Records excerpted from a collection:
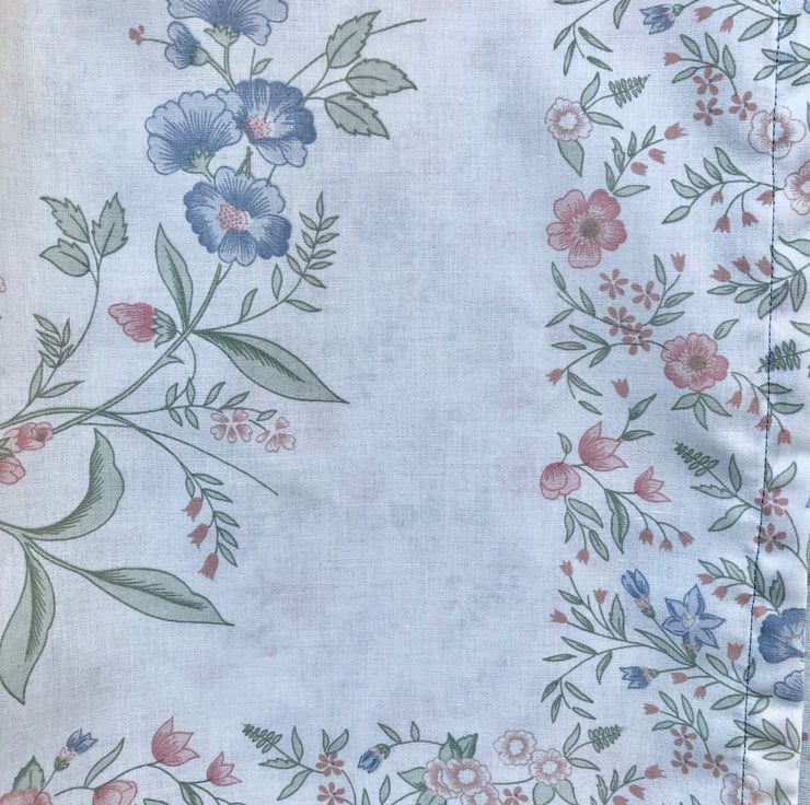 Material: repurposed fabric: 50% cotton 50% polyester.
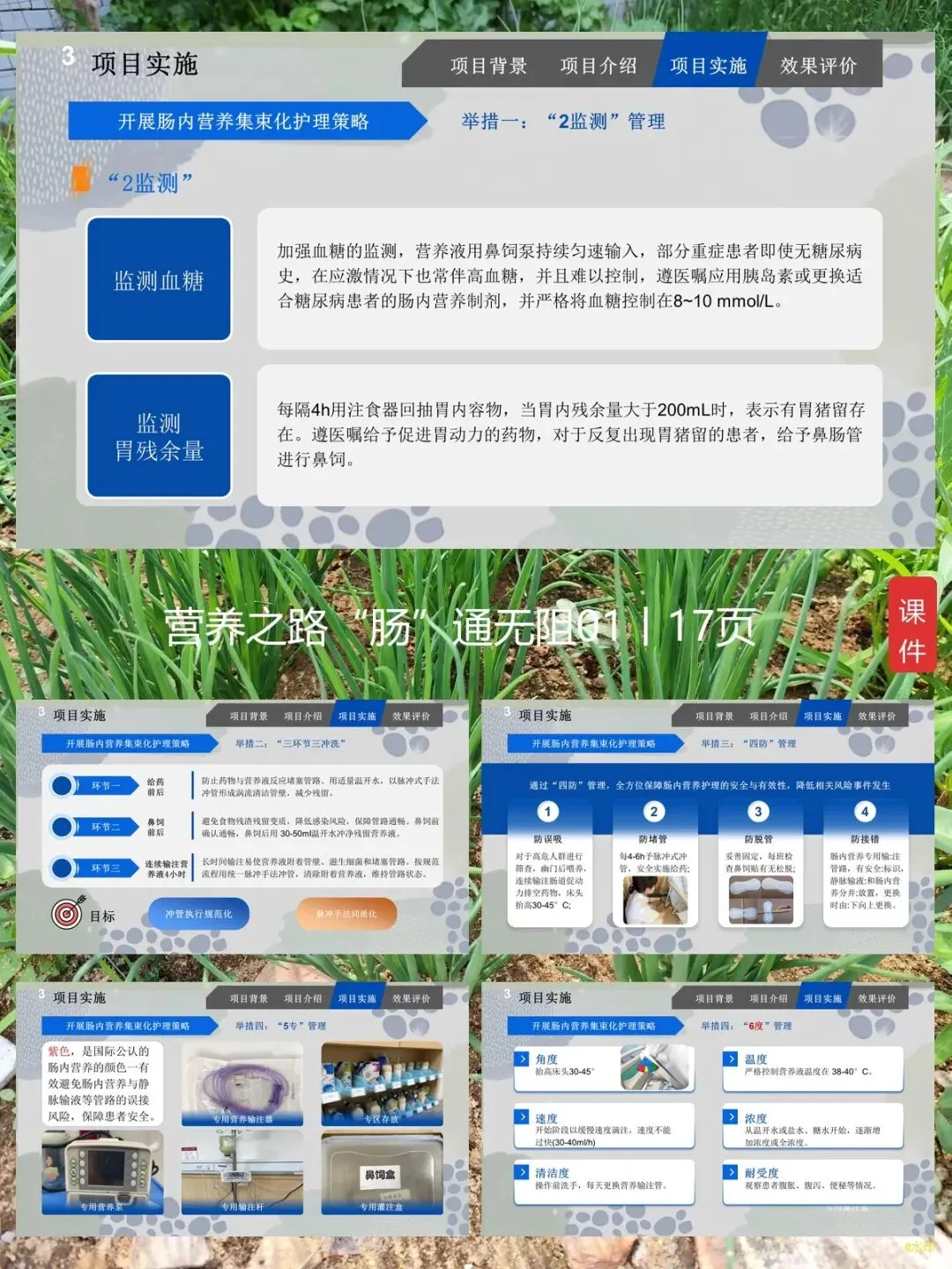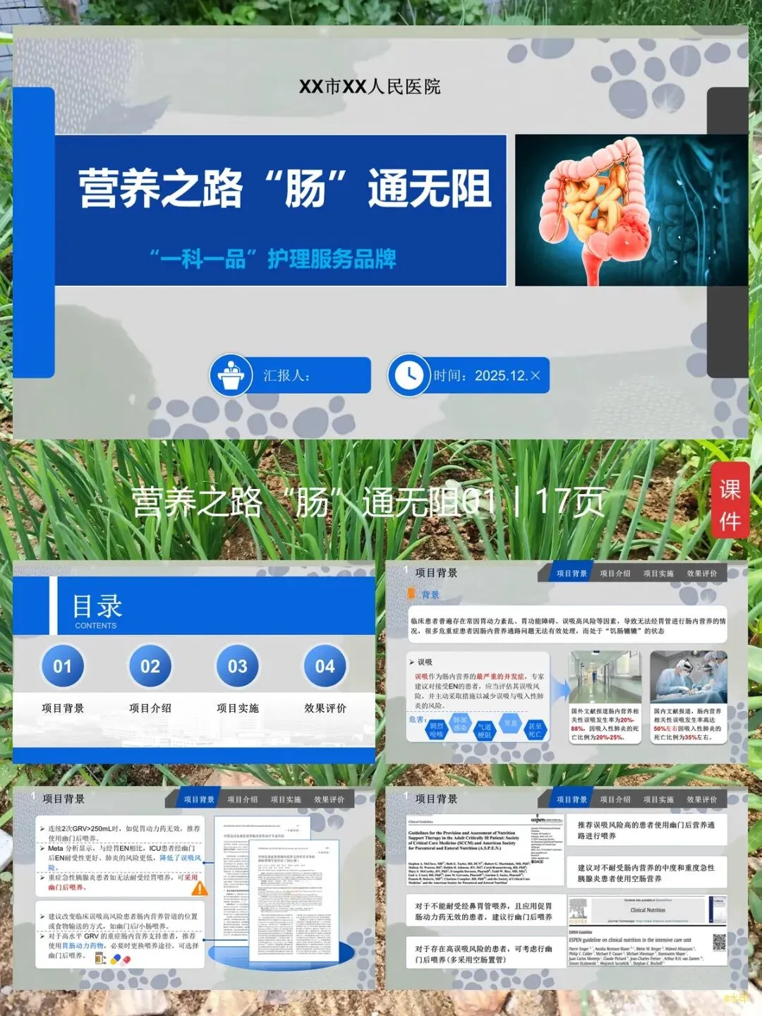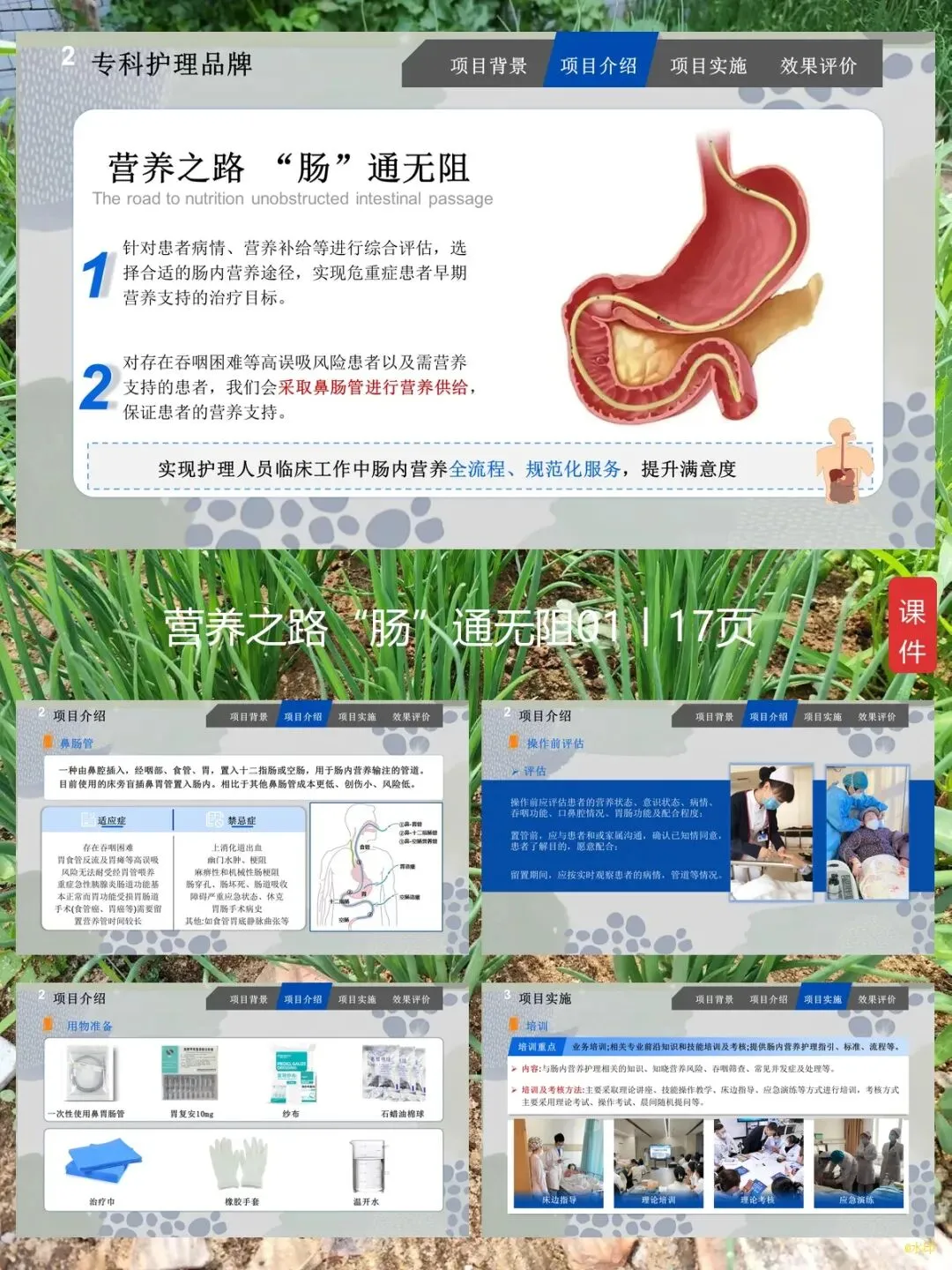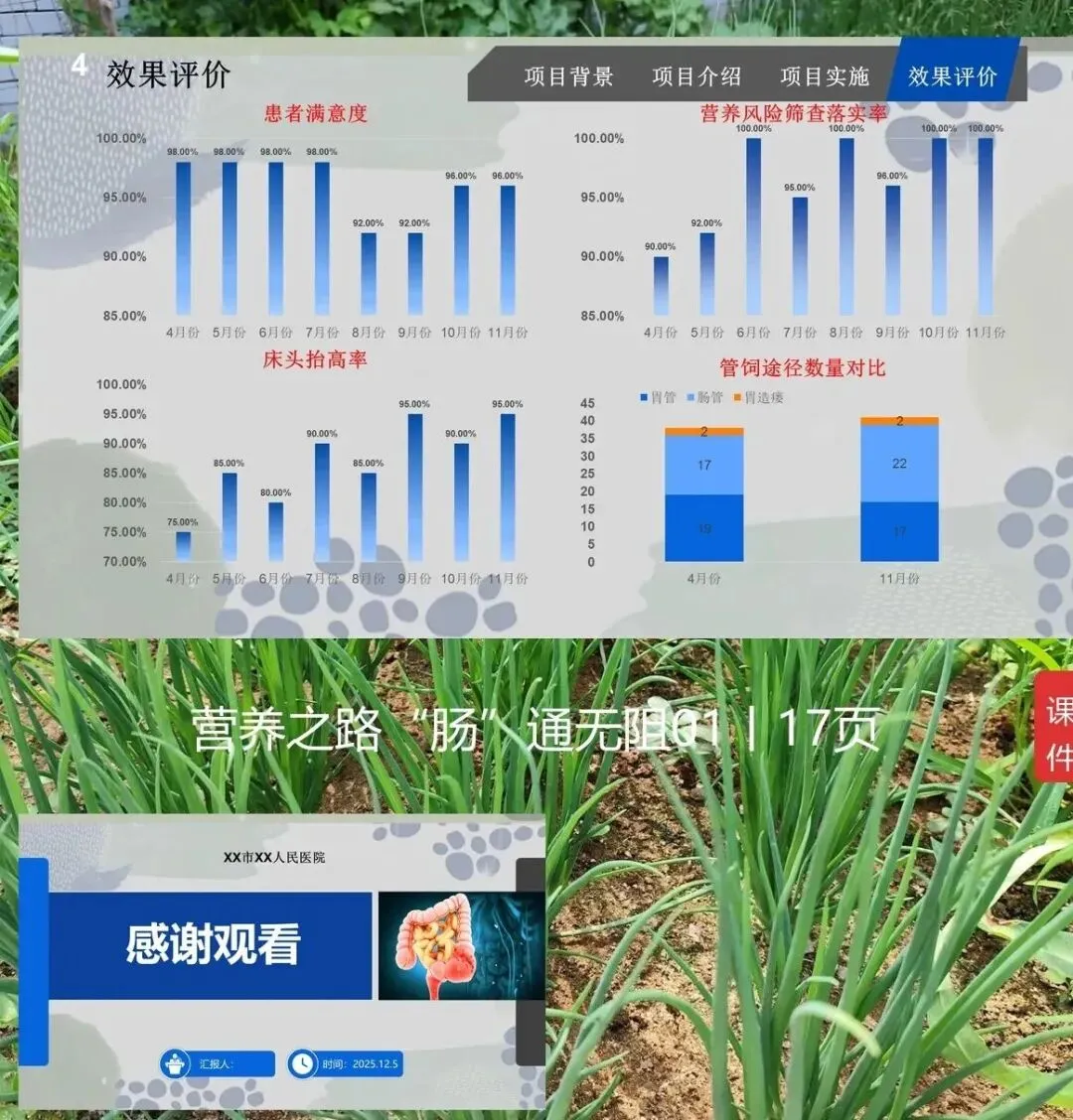 今天跟大家汇报一下我们科的 “一科一品” 护理服务项目,名字叫营养之路 “肠” 通无阻。
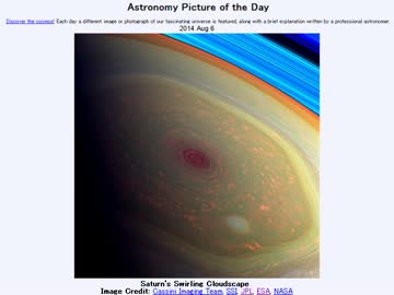 2014年 8月6日 「土星の渦巻く雲景色」-Astronomy Picture of the Day
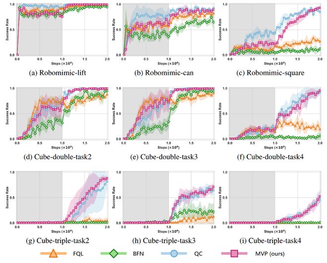 1. MVP 在绝大多数任务上都取得了 SOTA 性能。特别是在长视距、高难度的方块错位重排任务中,MVP(粉色)表现出更快的在线收敛速度和更高的最终性能。
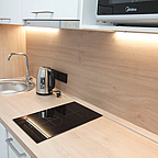Во всех номерах есть полноценные кухонные зоны с наличием всей необходимой бытовой техники и приборов, спальные места, оборудованные современными ортопедическими матрасами с независимыми пружинными механизмами и высококачественным постельным бельем, полный набор бытовой техники.
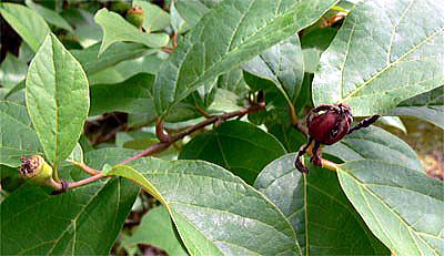 06年6月、クロバナロウバイの果実を観察しましたので、写真を掲載しました(下の3枚の写真)。
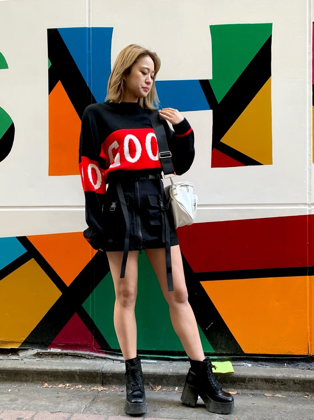 BLKにREDが映えてかわいいGOODニット❤️ INもしやすい生地感なので、 ミニスカートにINしてあわせました✨❣️ 着回しめちゃめちゃ効きそう🥰💖
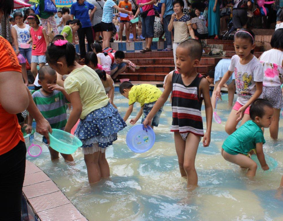 La foto documenta un bizzarro spettacolo: decine e decine di bambini ( più o meno vestiti ), vanno a caccia con le loro bacinelle di impauriti pesciolini che in una spanna d'acqua non hanno scampo!
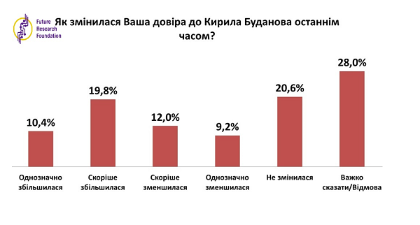Разом з цим зростає довіра до начальника ГУР Міноборони Кирила Буданова. ГУР постійно проводить успішні операції, що не залишається непоміченим серед українців. За останній час 30,2% респондентів почали більше довіряти Буданову, тоді як 21,2% заявили про зменшення довіри.

EXERCISE BRIEF:
Across all the lines above, repeat the wording exactly and omit the pictures.

RESPONSE TO THIS TASK:
 Material: repurposed fabric: 50% cotton 50% polyester.
 今天跟大家汇报一下我们科的 “一科一品” 护理服务项目,名字叫营养之路 “肠” 通无阻。
 2014年 8月6日 「土星の渦巻く雲景色」-Astronomy Picture of the Day
 1. MVP 在绝大多数任务上都取得了 SOTA 性能。特别是在长视距、高难度的方块错位重排任务中,MVP(粉色)表现出更快的在线收敛速度和更高的最终性能。
Во всех номерах есть полноценные кухонные зоны с наличием всей необходимой бытовой техники и приборов, спальные места, оборудованные современными ортопедическими матрасами с независимыми пружинными механизмами и высококачественным постельным бельем, полный набор бытовой техники.
 06年6月、クロバナロウバイの果実を観察しましたので、写真を掲載しました(下の3枚の写真)。
 BLKにREDが映えてかわいいGOODニット❤️ INもしやすい生地感なので、 ミニスカートにINしてあわせました✨❣️ 着回しめちゃめちゃ効きそう🥰💖
 La foto documenta un bizzarro spettacolo: decine e decine di bambini ( più o meno vestiti ), vanno a caccia con le loro bacinelle di impauriti pesciolini che in una spanna d'acqua non hanno scampo!
Разом з цим зростає довіра до начальника ГУР Міноборони Кирила Буданова. ГУР постійно проводить успішні операції, що не залишається непоміченим серед українців. За останній час 30,2% респондентів почали більше довіряти Буданову, тоді як 21,2% заявили про зменшення довіри.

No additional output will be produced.